Record set: Begin

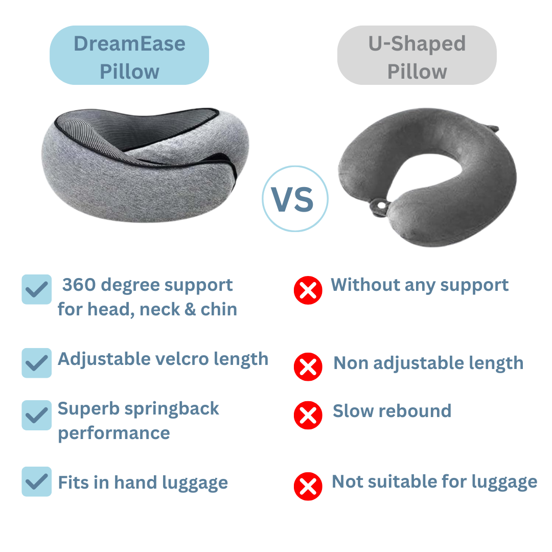 Unlike standard U-shaped pillows that often lack adequate support, the DreamEase Pillow offers 360-degree neck support, minimizing the risk of neck pain and discomfort.
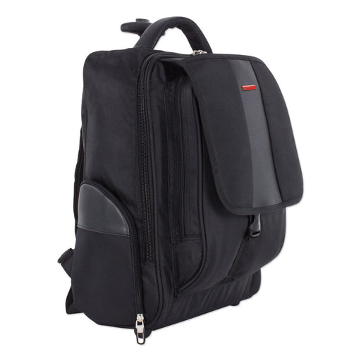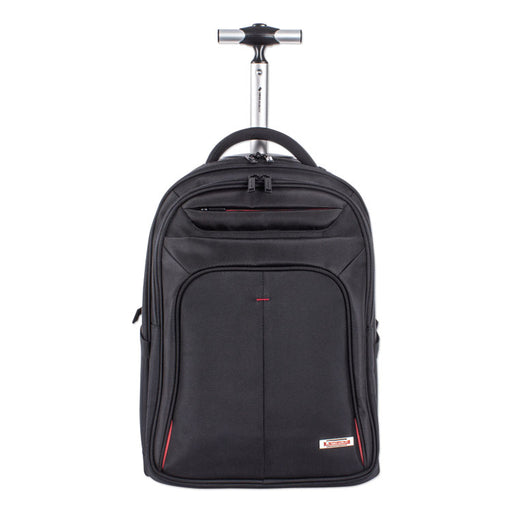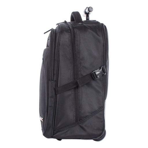 Includes a padded laptop compartment and front organizer pocket for business essentials. Smooth-rolling, in-line skate wheels and adjustable uprigh...
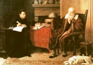 Referencia de la imagen: Galileo, ciego, dicta al P. Settimii s.p. sus últimos descubrimientos. Tal era el tema del concurso que ganó este cuadro pintado por Cesare Cantagalli y conservado en la Academia de Bellas Artes de Siena.
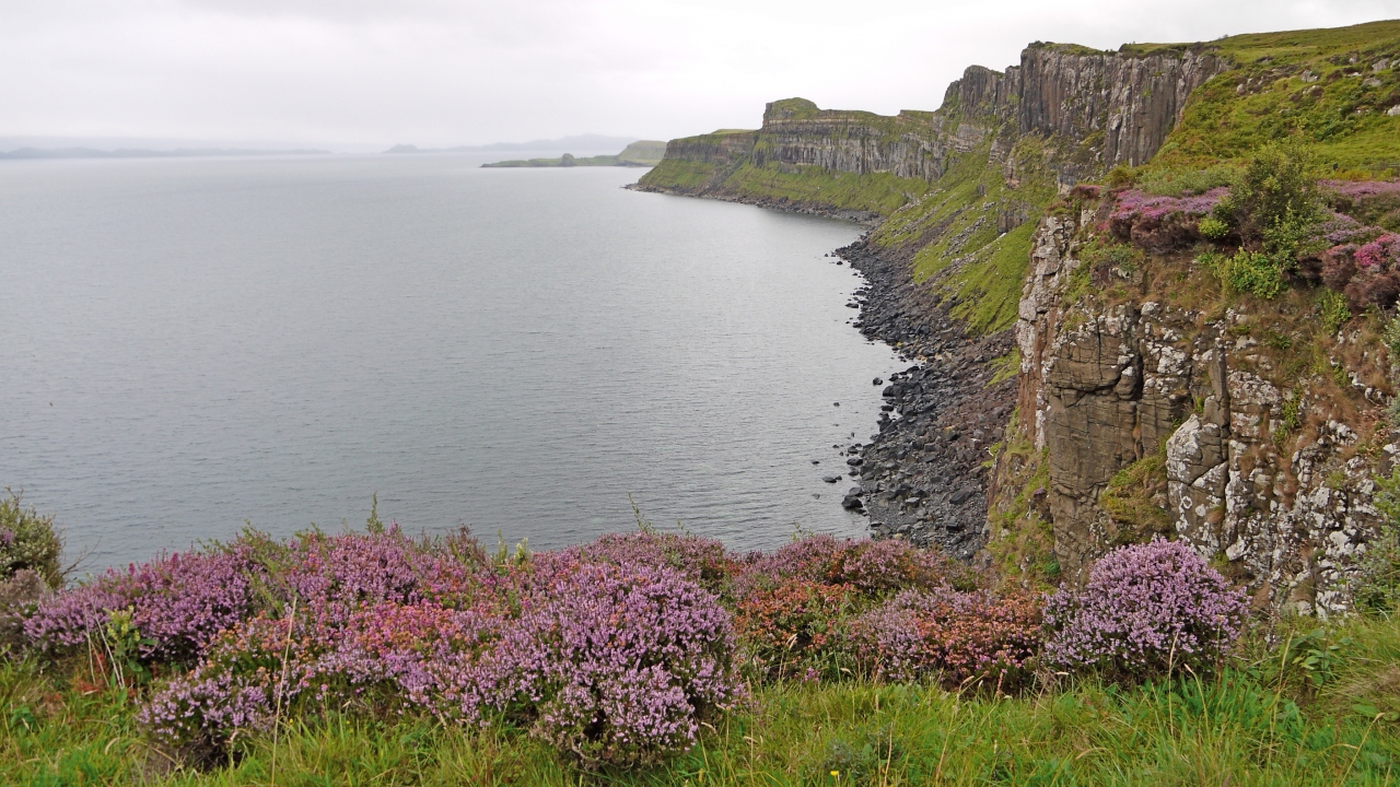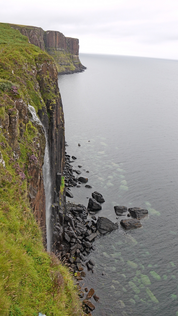 スカイ島の断崖の名所,Kilt Rock.湖からの小川が滝になり,滝が海に一直線に落ちていく.まわりは草原.すこしA855号線から駐車場が奥まっており,私は最初見過ごして通過してしまった.ここは必見の価値は確かにある.
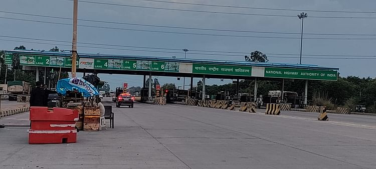 टोल प्लाजा से गुजरते वाहन।

Record set: End

> Required action
With the pictures omitted, restate every entry above word for word.

> Exercise answer
 Unlike standard U-shaped pillows that often lack adequate support, the DreamEase Pillow offers 360-degree neck support, minimizing the risk of neck pain and discomfort.
 Includes a padded laptop compartment and front organizer pocket for business essentials. Smooth-rolling, in-line skate wheels and adjustable uprigh...
 Referencia de la imagen: Galileo, ciego, dicta al P. Settimii s.p. sus últimos descubrimientos. Tal era el tema del concurso que ganó este cuadro pintado por Cesare Cantagalli y conservado en la Academia de Bellas Artes de Siena.
 スカイ島の断崖の名所,Kilt Rock.湖からの小川が滝になり,滝が海に一直線に落ちていく.まわりは草原.すこしA855号線から駐車場が奥まっており,私は最初見過ごして通過してしまった.ここは必見の価値は確かにある.
 टोल प्लाजा से गुजरते वाहन।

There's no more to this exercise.